Wu Yemei, Yi Jing, Zhang Qu
Hubei Cancer Hospital, Tongji Medical College, Huazhong University of Science and Technology, Wuhan, China.
School of Public Health, Tongji Medical College, Huazhong University of Science and Technology, Wuhan, China.
Front Nutr. 2024 Sep 13;11:1467259. doi: 10.3389/fnut.2024.1467259. eCollection 2024.
In the United States, cancer is a leading cause of mortality, with inflammation playing a crucial role in cancer progression and prognosis. Diet, with its capacity to modulate inflammatory responses, represents a potentially modifiable risk factor in cancer outcomes.
This study utilized data from the National Health and Nutrition Examination Survey (NHANES, 1999-2018) to investigate the association between the Dietary Inflammatory Index (DII), which reflects dietary-induced inflammation, and mortality among cancer survivors. A total of 3,011 participants diagnosed with cancer were included, with DII scores derived from dietary recall data. All-cause and cancer-related mortalities served as primary endpoints.
The study identified a significant linear positive correlation between higher DII scores and all-cause mortality among cancer survivors. Each unit increase in DII was associated with a 10% higher risk of all-cause mortality (hazard ratio [HR] per 1-unit increase, 1.10; 95% confidence interval [CI], 1.04-1.15). Similarly, a unit increase in DII was associated with a 13% higher risk of cancer-related mortality (HR per 1-unit increase, 1.13; 95% CI, 1.02-1.25). Kaplan-Meier analyses demonstrated higher all-cause mortality rates in individuals with elevated DII scores. Sensitivity analyses confirmed the robustness of these findings.

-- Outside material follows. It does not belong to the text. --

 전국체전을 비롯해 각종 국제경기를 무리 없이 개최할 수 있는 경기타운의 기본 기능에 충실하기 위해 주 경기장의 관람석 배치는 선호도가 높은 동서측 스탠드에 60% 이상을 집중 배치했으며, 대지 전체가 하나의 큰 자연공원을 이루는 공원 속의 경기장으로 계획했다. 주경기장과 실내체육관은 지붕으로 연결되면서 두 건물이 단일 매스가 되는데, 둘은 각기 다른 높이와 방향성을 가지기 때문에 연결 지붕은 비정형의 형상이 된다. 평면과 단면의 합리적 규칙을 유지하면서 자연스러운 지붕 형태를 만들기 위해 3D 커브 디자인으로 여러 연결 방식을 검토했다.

Adoption of an anti-inflammatory diet, characterized by lower DII scores, may improve survival outcomes in cancer survivors. These results emphasize the critical role of dietary interventions in post-cancer care.

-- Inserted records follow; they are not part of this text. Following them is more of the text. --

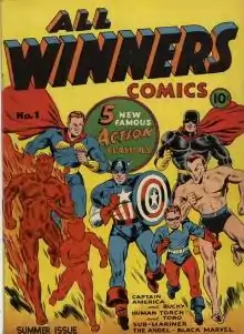 All Winners Comics was the name of two American comic book series of the 1940s, both published by Marvel Comics' predecessor, Timely Comics, during the period fans and historians call the Golden Age of Comic Books. A superhero anthology comic in both cases, they variously featured such star characters as Captain America, the original Human Torch, and the Sub-Mariner.[1] All Winners Comics was also the venue for two full-length stories of Marvel's first superhero team, the (hyphenated) All-Winners Squad.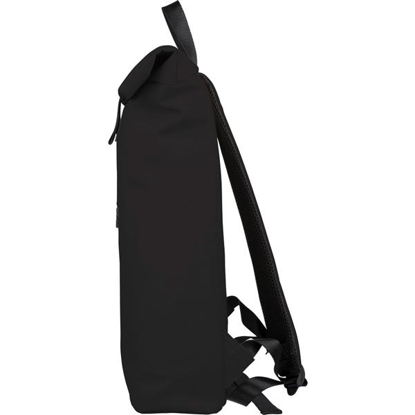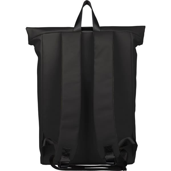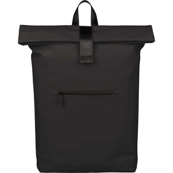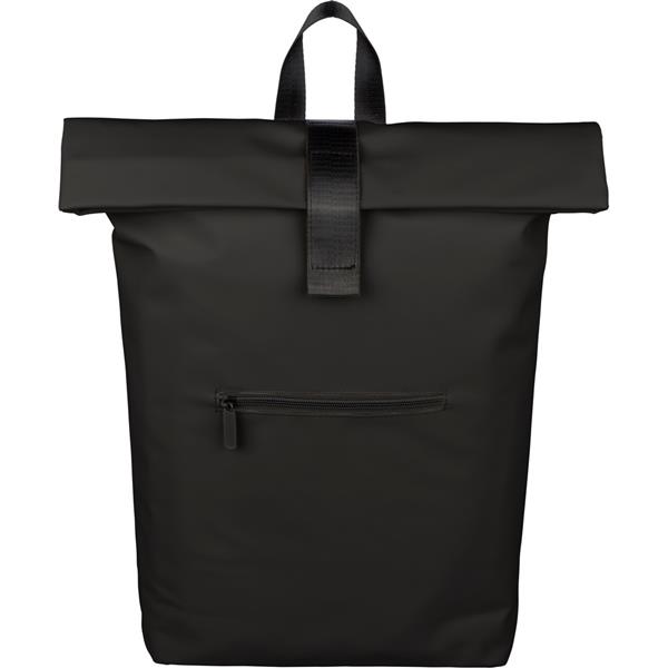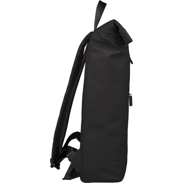 Zwijany plecak o pojemności 19 litrów, mała kieszeń zapinana na zamek z przodu, zwijana główna kieszeń zamykana na rzep, przegroda na laptopa 16″ w środku, regulowane wentylowane paski na ramię, uchwyt z wierzchu ułatwiający noszenie, podszewka z poliestru 210D, ikona recyklingu na metce, produkt wykonany z PU z recyklingu i poliestru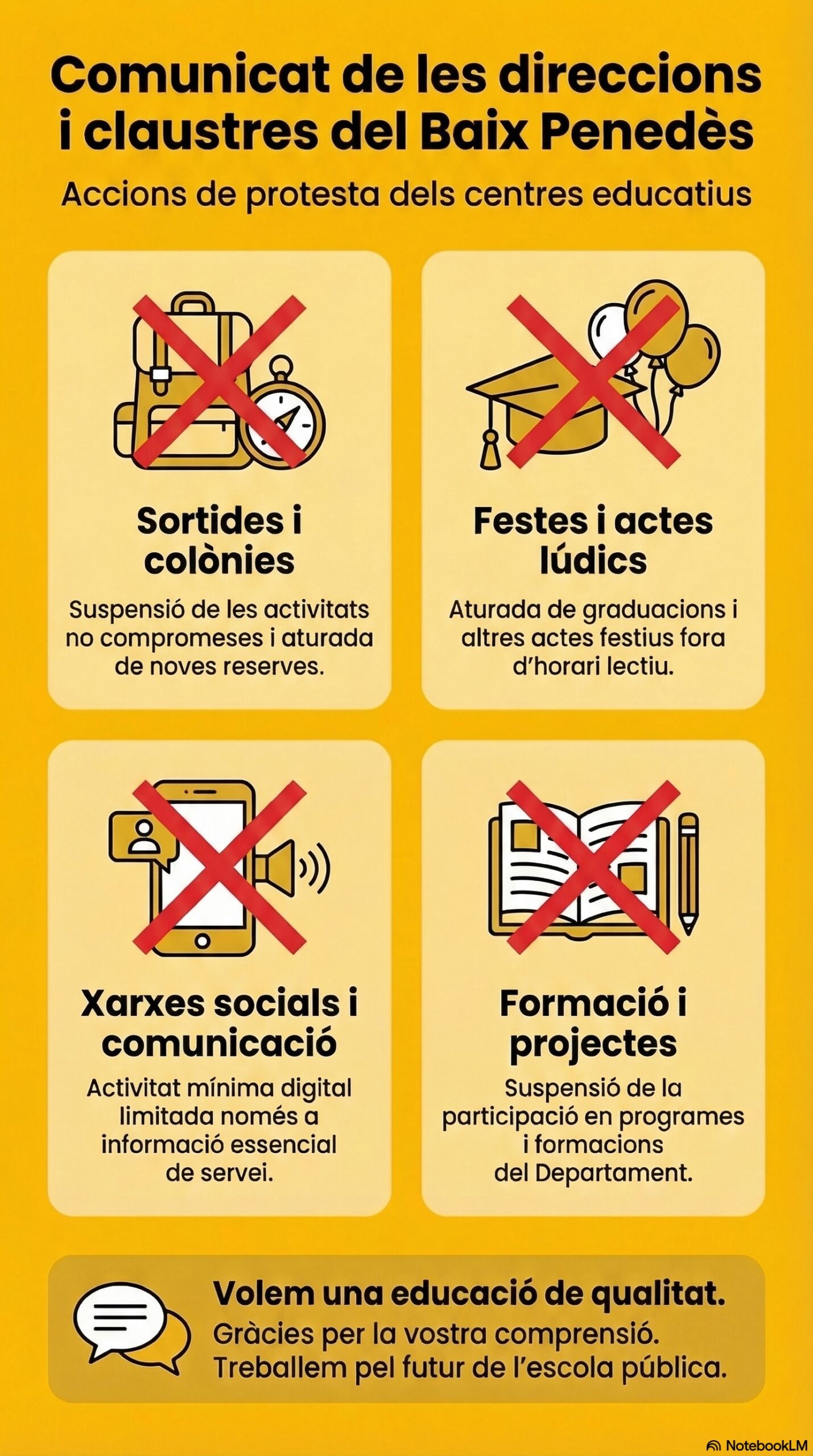 Agraïm de tot cor la comprensió de les famílies davant d’aquestes decisions difícils però necessàries.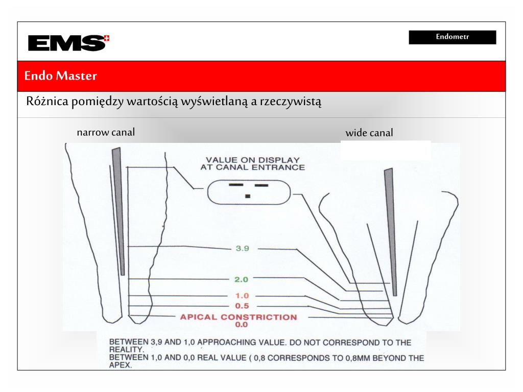 narrow canal wide canal Endometr Endo Master Różnica pomiędzy wartością wyświetlaną a rzeczywistą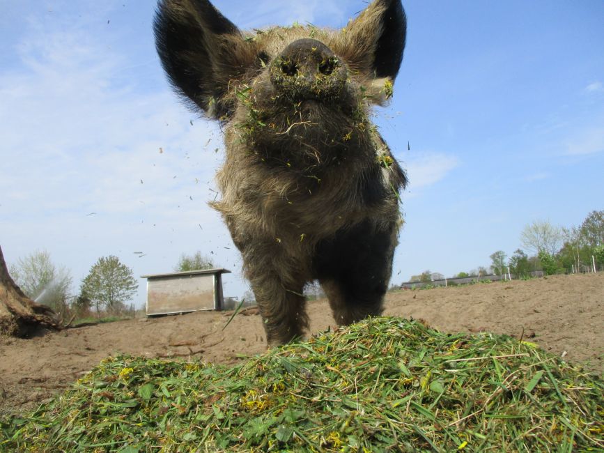 We konden weer gras maaien in de strook langs onze varkensvelden. En dat gemaaide gras is dan meteen voer voor die varkens. Hun eigen velden zijn wat saai en stoffig nu. Dus het werd wel op prijs gesteld.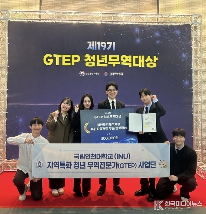 [ 한국미디어뉴스 이원영 기자 ] 인천대학교 GTEP 특화지역(중동) 대표팀 ‘첩첩산중’이 2025년 제19기 GTEP 청년무역대상 본선(12월 1일, 코엑스 401호)에서 전국 본선 진출 6팀 중 하나로 선정되어 ‘무역협회장상(특화지역개척 부문·중동)’을 수상했다고 2일 밝혔다.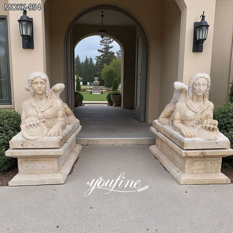 Antique Large Yellow Marble Sphinx Statues for European Supplier MOKK-595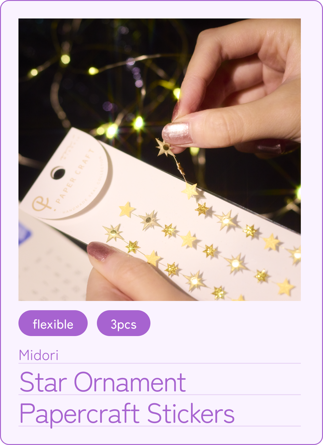 Midori once again displays innovation with a unique sticker set. These star ornament stickers are linked together with an elegant string. Make a circle, waves, have them partly stuck or even cut the string for extra freedom!

在美国,癌症是主要的死亡原因之一,炎症在癌症进展和预后中起着关键作用。饮食具有调节炎症反应的能力,是癌症结局中一个潜在的可改变风险因素。
本研究利用国家健康与营养检查调查(NHANES,1999 - 2018年)的数据,调查反映饮食诱导炎症的饮食炎症指数(DII)与癌症幸存者死亡率之间的关联。共纳入3011名被诊断患有癌症的参与者,DII分数来自饮食回忆数据。全因死亡率和癌症相关死亡率作为主要终点。

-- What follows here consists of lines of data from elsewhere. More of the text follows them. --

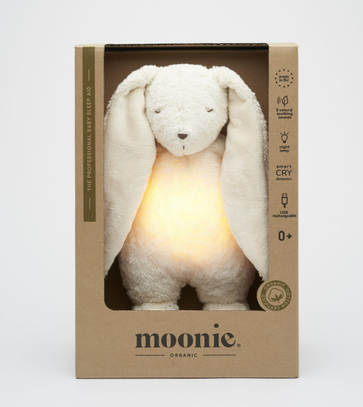 Le lapin polaire Moonie est l’aide au sommeil que tous les parents attendaient : veilleuse, berceuse, en coton bio et fabriqué en Europe. Qui dit mieux ?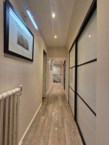 Composée au rez de chaussée de deux entrées dont la première donne sur un hall menant à un grand salon de plus de 40 m², un bureau et un WC avec vasque.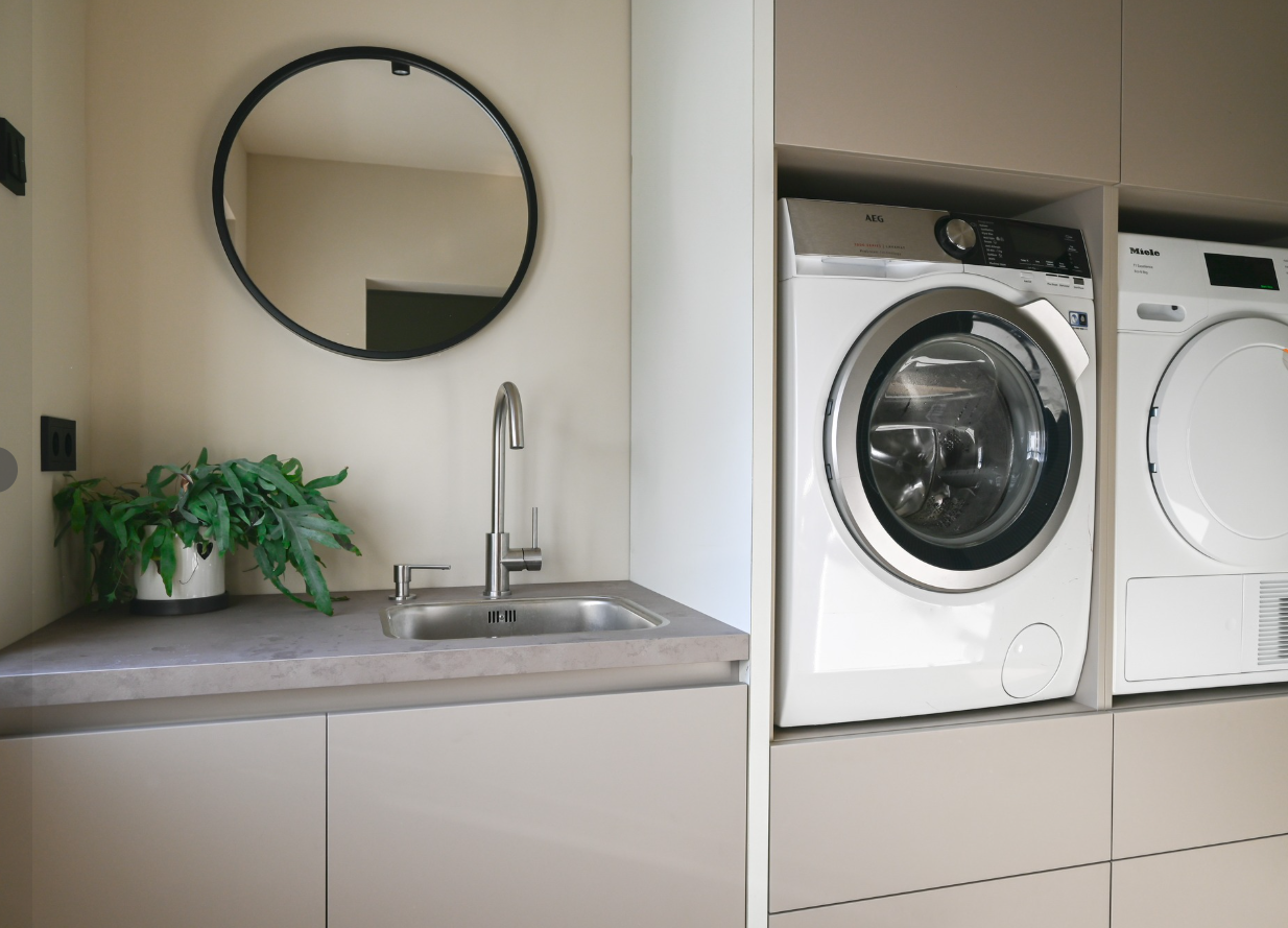 In dit project is een slimme en efficiënte indeling gerealiseerd, waarbij optimaal gebruik is gemaakt van de beschikbare ruimte. Het praktische aspect staat centraal, met een doordachte opstelling van de wasmachine en droger op ergonomische hoogte. Dit maakt het gebruik een stuk comfortabeler en voorkomt onnodig bukken.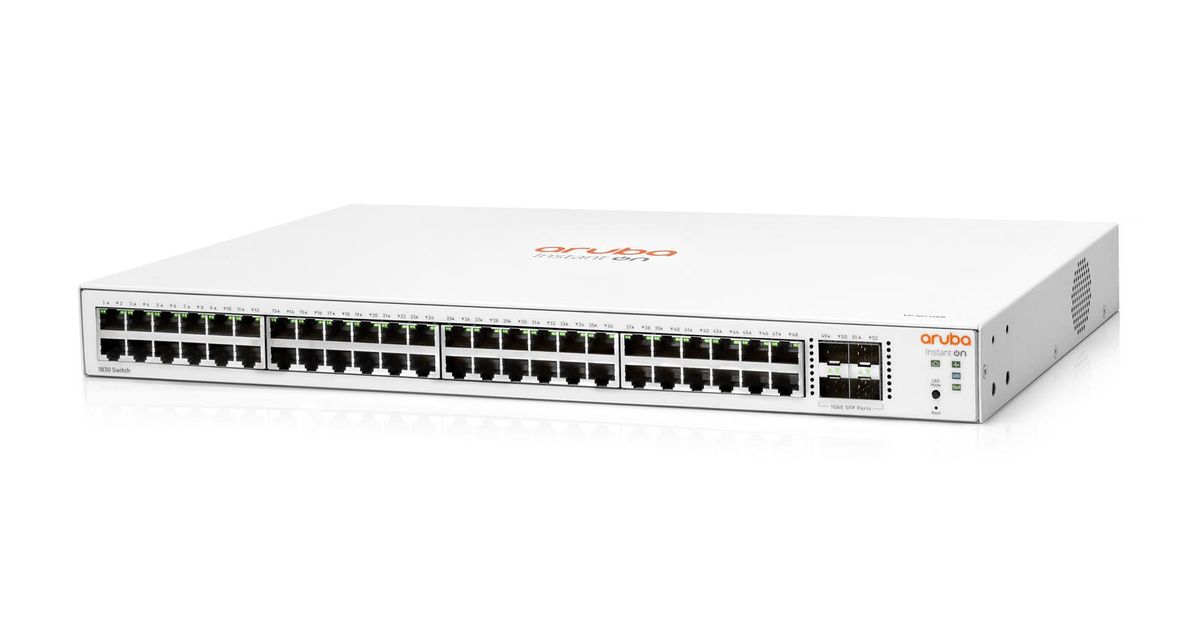 Hewlett Packard Enterprise Aruba Instant On 1830 48G 4SFP, Managed, L2, Gigabit Ethernet (10/100/1000), Full duplex, Rack mounting, 1U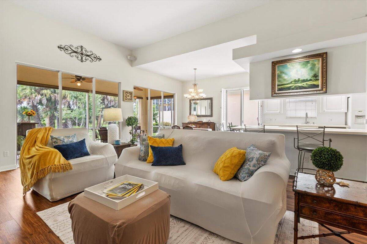 Rare HOBE SOUND OPPORTUNITY! This well-maintained CBS Divosta-Oakmont model offers 3 spacious bedrooms plus a den, 2.5 baths, and a 2-car garage on a large lot with room for a pool. The open-concept, split floor plan features volume ceilings, luxury vinyl plank flooring, plantation shutters, and a desirable his-and-hers ensuite bath. Buy with confidence due to a recent inspection (reports available). Enjoy peaceful privacy backing to 4,800+ acres of protected Atlantic Ridge State Park, where wildlife views are part of daily life. Located in The Retreat, offering pool, clubhouse, pickleball, fitness center, and planned activities. Schedule your private showing TODAY.A must see! Schedule your private showing today. Sconces and staging decor not included.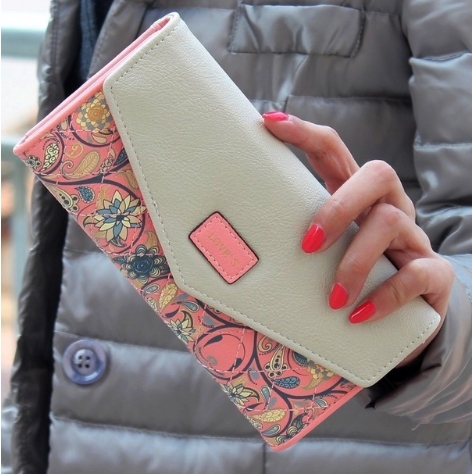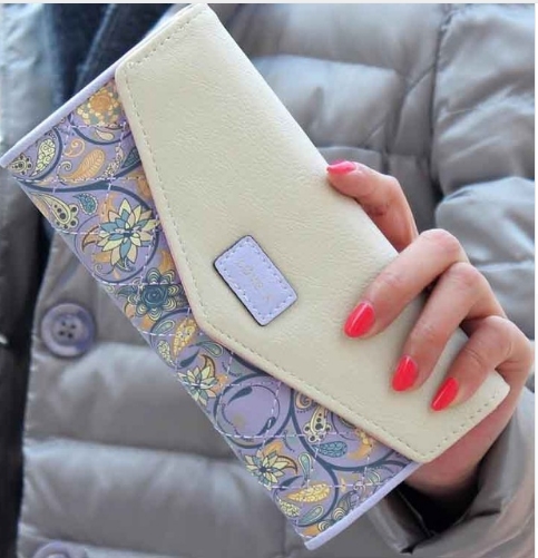Womens Fashion Padded PU Flower Pattern Clutch Wallet

该研究发现癌症幸存者中较高的DII分数与全因死亡率之间存在显著的线性正相关。DII每增加一个单位,全因死亡率风险就会增加10%(每增加1个单位的风险比[HR]为1.10;95%置信区间[CI]为1.04 - 1.15)。同样,DII每增加一个单位,癌症相关死亡率风险就会增加13%(每增加1个单位的HR为1.13;95%CI为1.02 - 1.25)。Kaplan - Meier分析表明,DII分数升高的个体全因死亡率更高。敏感性分析证实了这些发现的稳健性。
采用以较低DII分数为特征的抗炎饮食,可能会改善癌症幸存者的生存结局。这些结果强调了饮食干预在癌症后护理中的关键作用。